At Jacks cry of "Engage more closely" the Admiral let go of the canon that held him in place which meant he and his chair slowly moved down the room towards the lodestone. As he past Jack they both shook the bottles aimed and cried "Fire" .

The episode as it had done the last three times ended with the Admiral in a tangle of cutlery fastened to the lodestone upon which Jack tottered over and disentangled him whilst they drank what was left in the bottles.

"A whiff of grapeshot no doubt" mused Stephen as he crept away leaving two drunk but gloriously happy officers.

[sdw] On deck, Babbington was taking charge of the situation. He had found places in the Admiral's barge for Mme Baker and Wilson. Skinner and Zimmermann were sent along to see the lubbers safely to shore.
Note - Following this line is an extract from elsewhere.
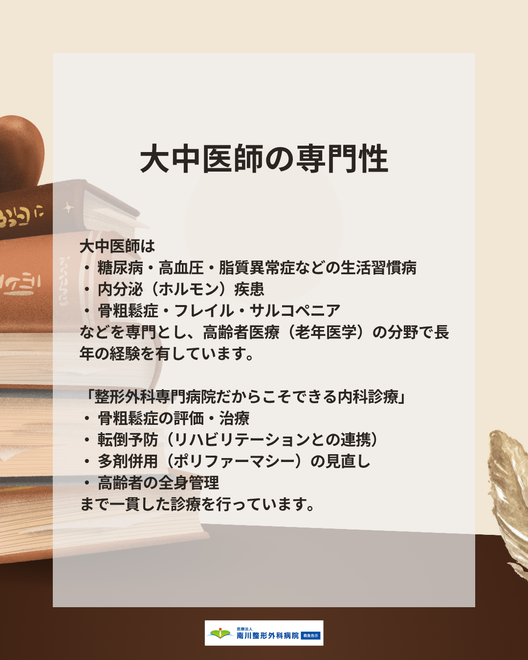 今回、大中医師は「骨代謝・骨粗鬆症」分野を担当し、高齢者における骨の変化や骨粗鬆症の病態、治療の考え方について解説しています。 骨は単なる“体を支える組織”ではなく、カルシウムやリンのバランスを保つ重要な役割を担っています。
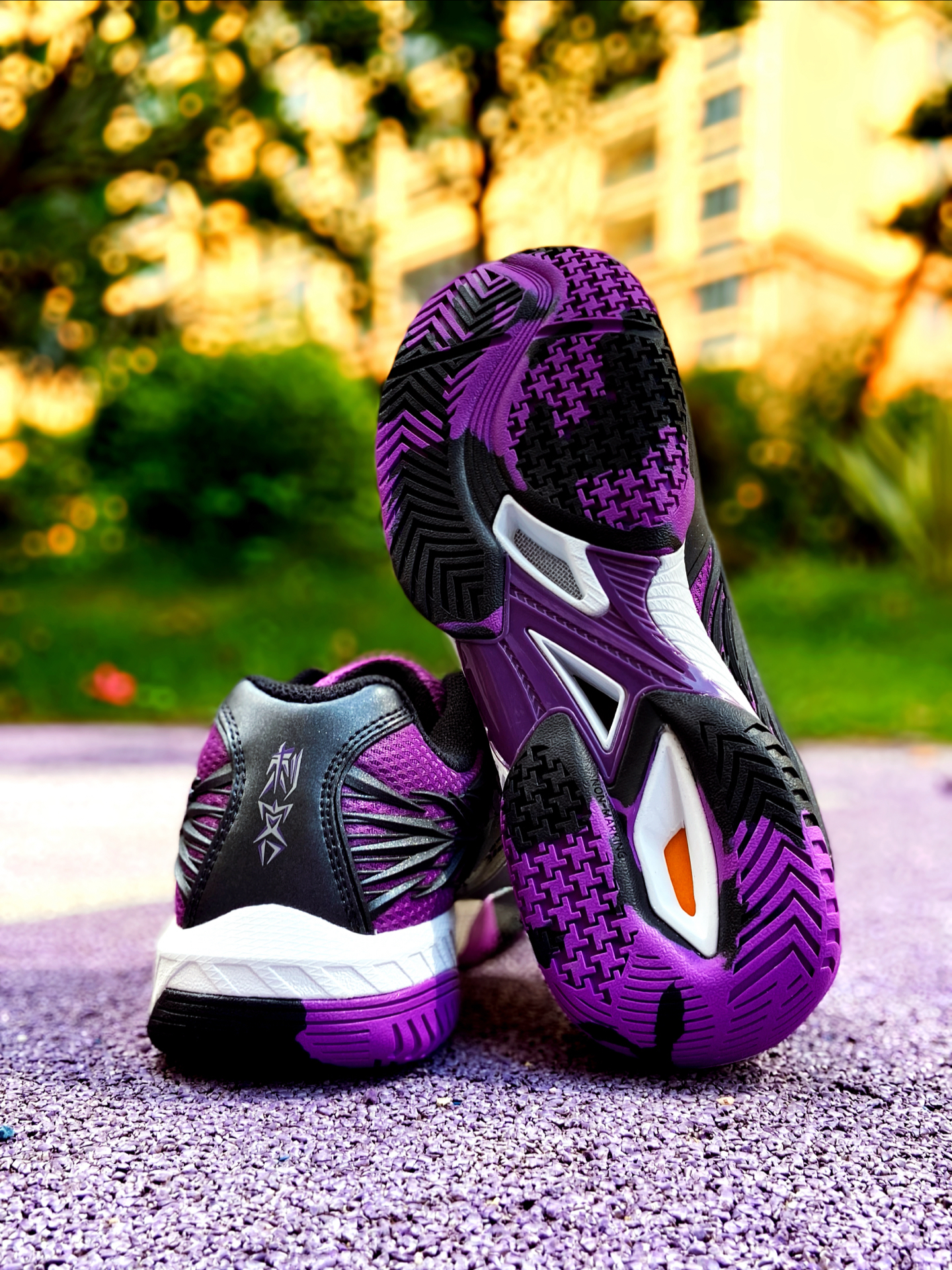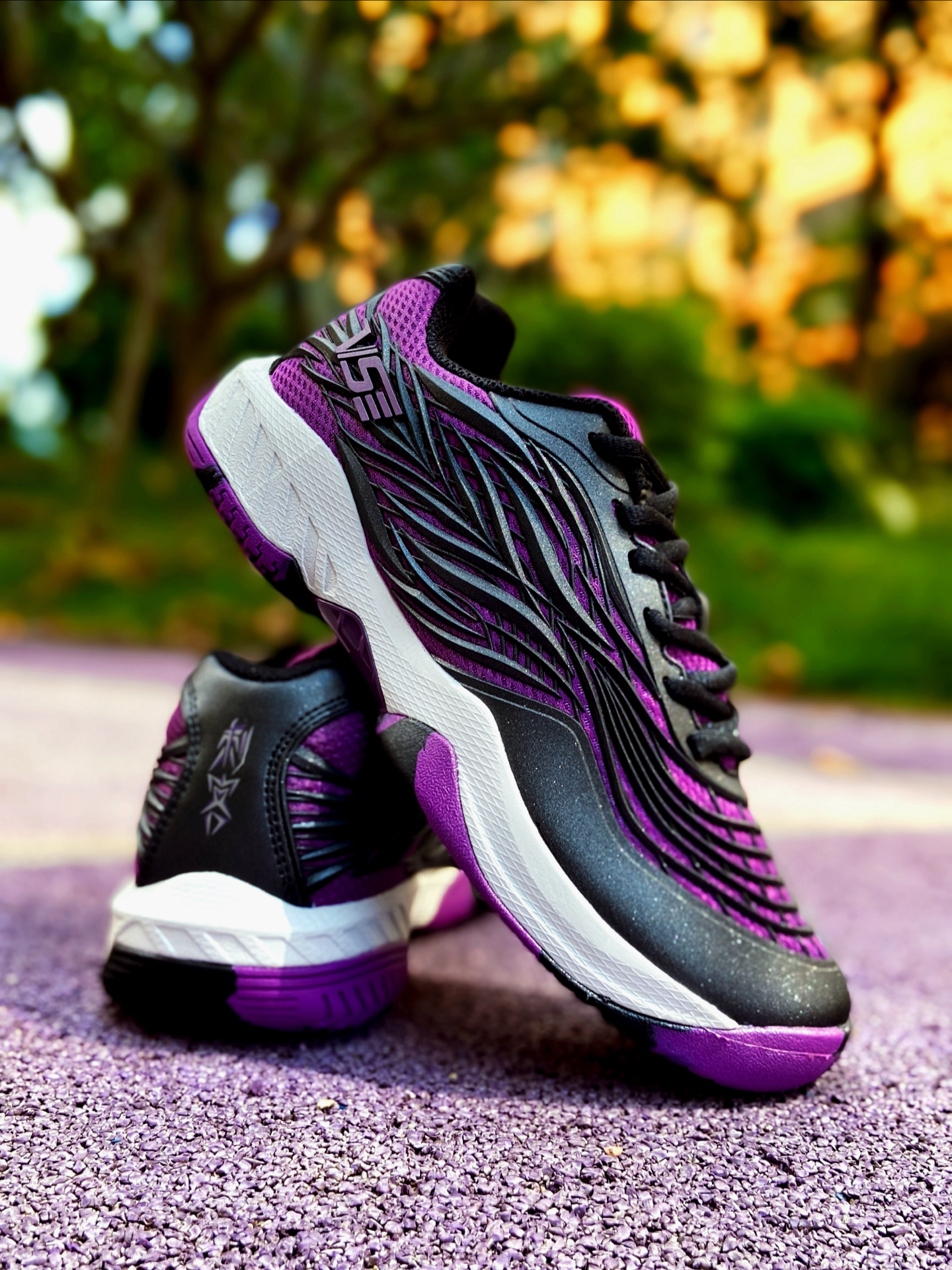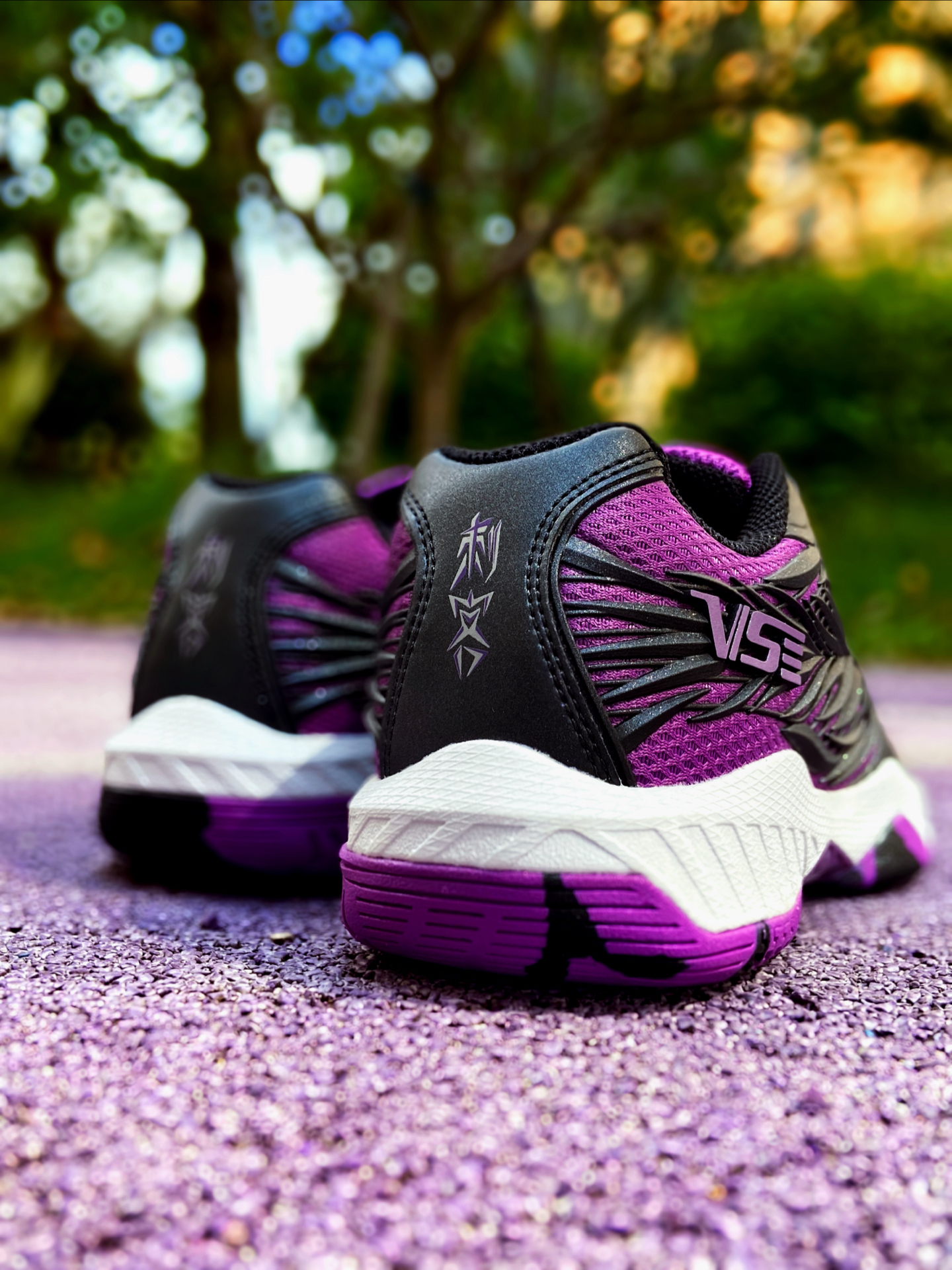 挑来挑去,终于让我找到这款 #威臣 的刺客系列羽毛球鞋。黑紫撞色设计+羽毛感线条纹理细节,这颜值完全长在我的审美点上 。 鞋面采用透气网布+KPU革拼接,包裹感十足却不紧绷,也不压脚背。鞋底纹路很深,抓地力和防滑绝了,打球时启动超快,急停也是稳稳的,中底缓震蛮到位,跳杀落地膝盖都没咋震。 颜值和功能双双在线!我觉得日常打球、出街都没问题,而且无论你是小白还是老手都能轻松驾驭,码数方面正常选就...

They picked their way carefully to seats over the mounds of daggers, fids, knives, toad-stickers, grapefruit spoons and other sharp objects collected by the Admiral on that day's tour of inspection of the fleet.

Eventually the shouting, rolling and popping stopped coming up through the skylight. Stephen attended to Critchley, handing the objects to Bonden who placed them under his arm with considerable sang-froid. Killick and most of the afterguard set to work in the cabin, and the barge shoved off. Jack and Stephen watched them go, as did Aspasia, her mouth busy at some momentarily neglected article, so that the last thing the barge saw of this uncommonly elegant female was her beard waving, waving, waving.